* _What to do_
The entries that follow include a run beginning at the line with "1 set of miniature" and ending at the line with "ダイニングやリビングで勉強や"; restate that run word for word and leave the rest out.

═══ Stored data

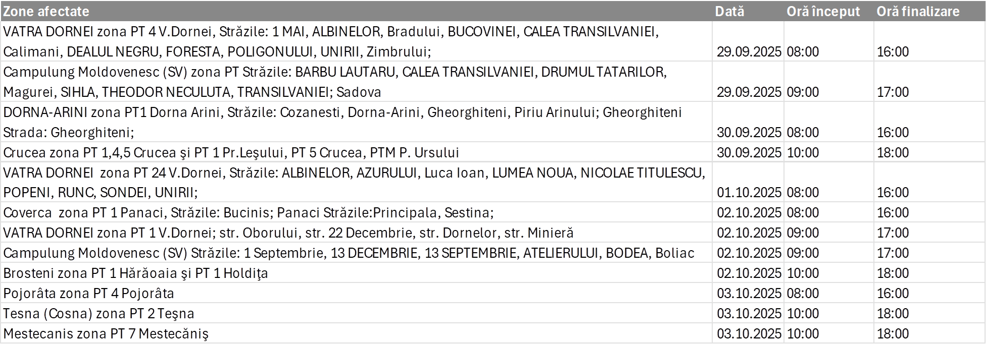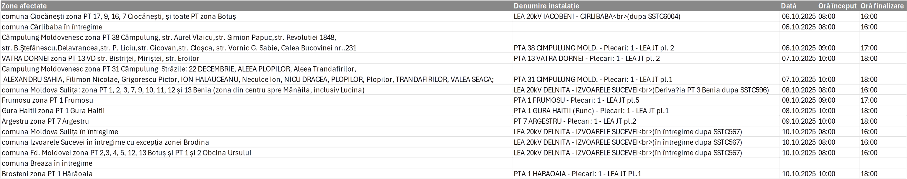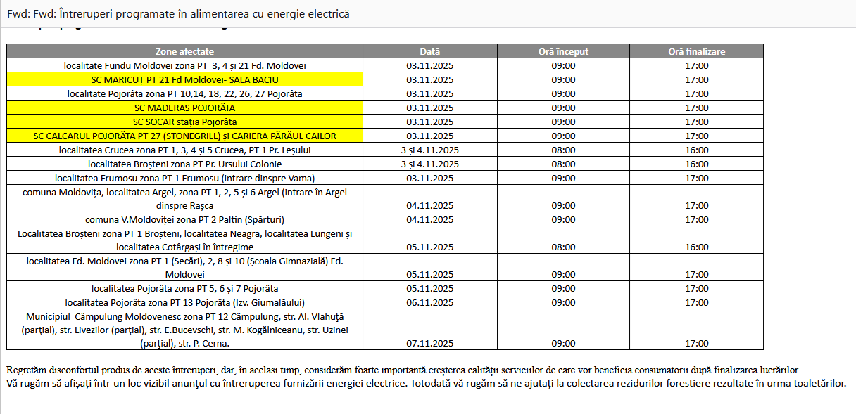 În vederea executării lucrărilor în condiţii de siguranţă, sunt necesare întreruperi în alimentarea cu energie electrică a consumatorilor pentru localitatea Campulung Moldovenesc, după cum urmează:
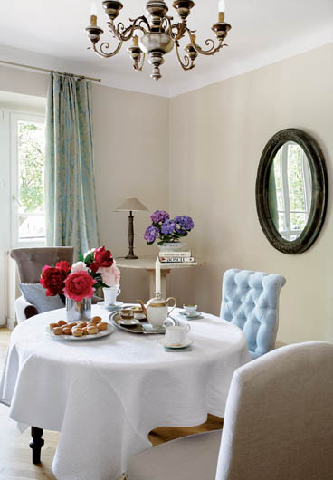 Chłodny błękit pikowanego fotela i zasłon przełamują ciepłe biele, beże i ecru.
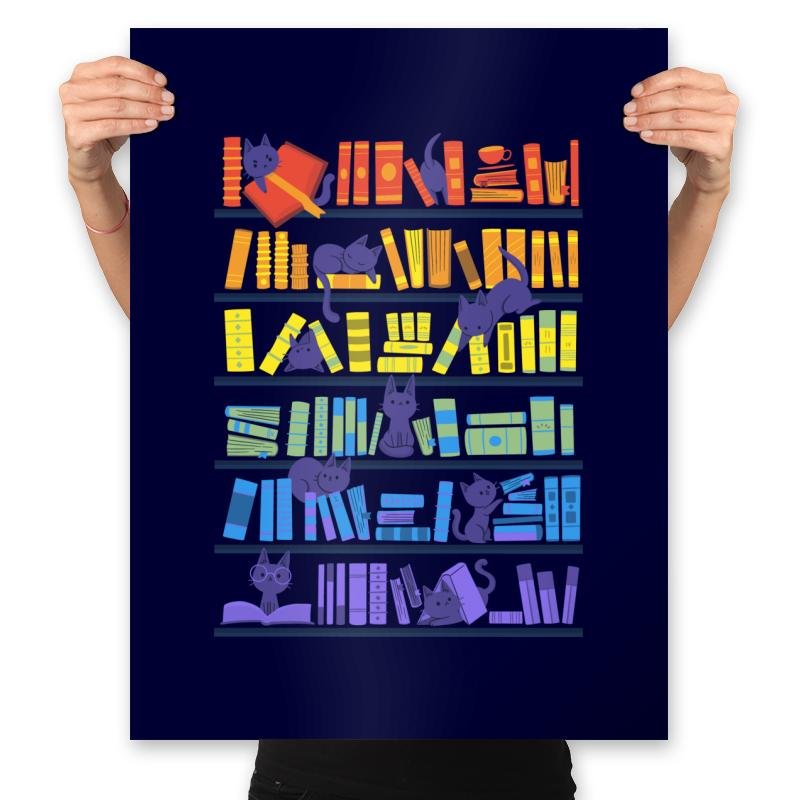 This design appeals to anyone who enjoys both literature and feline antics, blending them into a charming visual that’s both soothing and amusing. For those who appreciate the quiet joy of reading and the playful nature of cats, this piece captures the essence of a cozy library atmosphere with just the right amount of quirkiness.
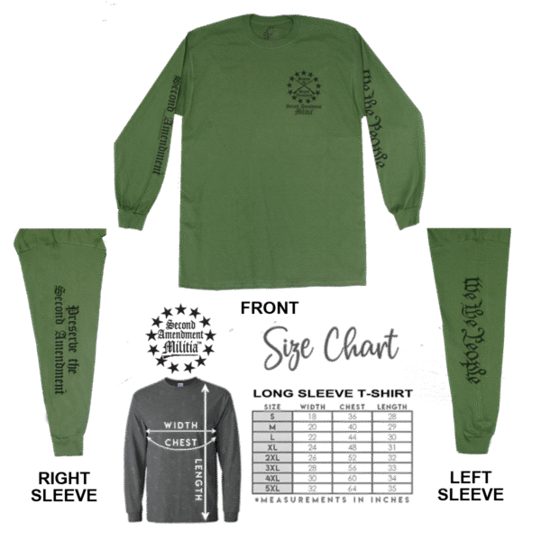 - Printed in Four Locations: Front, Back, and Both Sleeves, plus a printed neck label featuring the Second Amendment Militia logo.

══════
═══ Stored data

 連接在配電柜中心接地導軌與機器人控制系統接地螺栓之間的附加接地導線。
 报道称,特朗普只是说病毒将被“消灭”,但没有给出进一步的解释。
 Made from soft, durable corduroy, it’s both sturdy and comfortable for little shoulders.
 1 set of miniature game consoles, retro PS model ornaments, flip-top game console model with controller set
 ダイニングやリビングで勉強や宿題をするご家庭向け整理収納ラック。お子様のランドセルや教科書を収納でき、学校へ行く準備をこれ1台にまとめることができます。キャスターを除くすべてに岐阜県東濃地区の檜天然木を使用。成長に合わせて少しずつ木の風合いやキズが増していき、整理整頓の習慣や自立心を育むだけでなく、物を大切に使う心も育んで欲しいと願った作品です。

══════
═══ Stored data

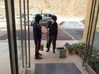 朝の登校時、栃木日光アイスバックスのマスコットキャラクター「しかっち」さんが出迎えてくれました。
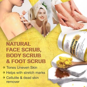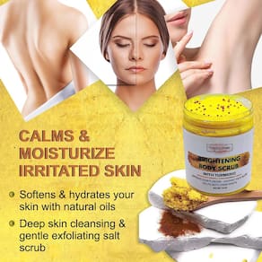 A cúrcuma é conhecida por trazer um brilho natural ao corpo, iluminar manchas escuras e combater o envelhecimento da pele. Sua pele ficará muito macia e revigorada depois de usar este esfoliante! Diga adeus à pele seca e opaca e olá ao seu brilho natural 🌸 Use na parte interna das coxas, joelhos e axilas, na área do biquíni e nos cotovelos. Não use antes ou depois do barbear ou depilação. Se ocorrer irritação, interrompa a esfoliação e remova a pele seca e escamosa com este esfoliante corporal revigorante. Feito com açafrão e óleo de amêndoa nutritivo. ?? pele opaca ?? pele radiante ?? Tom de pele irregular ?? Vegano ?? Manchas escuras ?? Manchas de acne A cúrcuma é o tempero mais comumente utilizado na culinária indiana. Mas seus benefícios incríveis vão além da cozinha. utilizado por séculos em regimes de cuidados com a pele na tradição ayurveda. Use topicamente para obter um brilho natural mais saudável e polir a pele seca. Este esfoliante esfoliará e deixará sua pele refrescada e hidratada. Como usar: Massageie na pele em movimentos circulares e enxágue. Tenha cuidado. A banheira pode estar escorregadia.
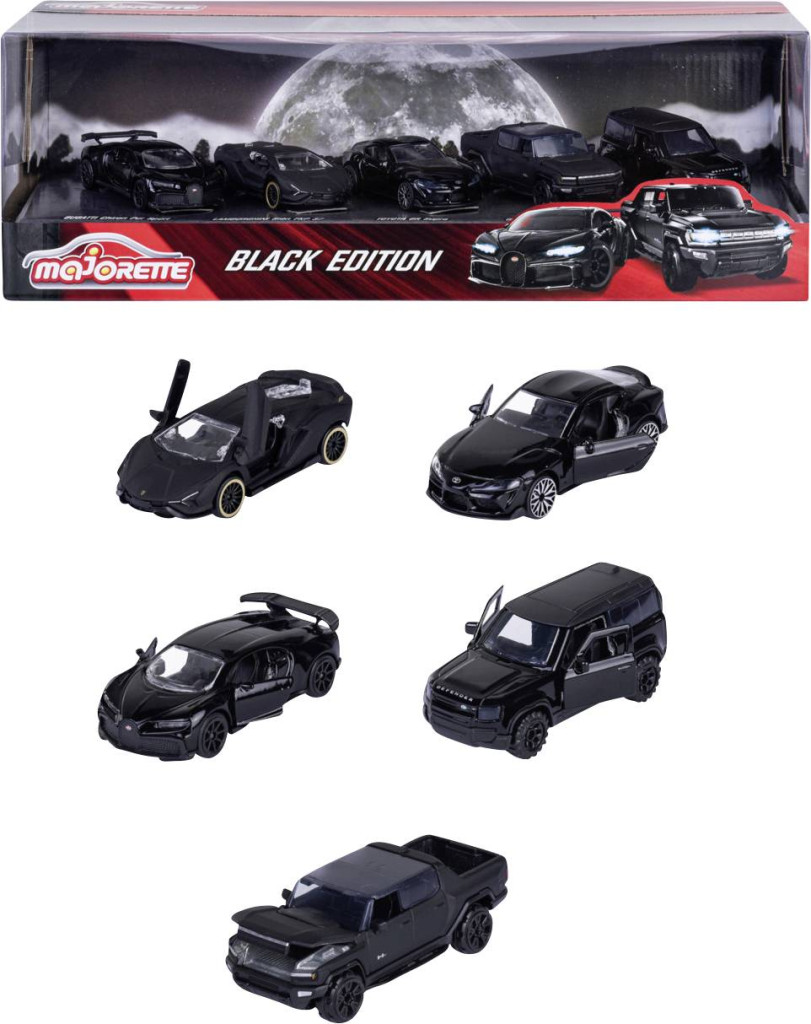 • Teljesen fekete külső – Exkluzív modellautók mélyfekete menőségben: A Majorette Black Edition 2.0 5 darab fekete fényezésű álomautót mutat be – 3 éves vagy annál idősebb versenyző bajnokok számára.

══════

* _Task result_
 1 set of miniature game consoles, retro PS model ornaments, flip-top game console model with controller set
 ダイニングやリビングで勉強や宿題をするご家庭向け整理収納ラック。お子様のランドセルや教科書を収納でき、学校へ行く準備をこれ1台にまとめることができます。キャスターを除くすべてに岐阜県東濃地区の檜天然木を使用。成長に合わせて少しずつ木の風合いやキズが増していき、整理整頓の習慣や自立心を育むだけでなく、物を大切に使う心も育んで欲しいと願った作品です。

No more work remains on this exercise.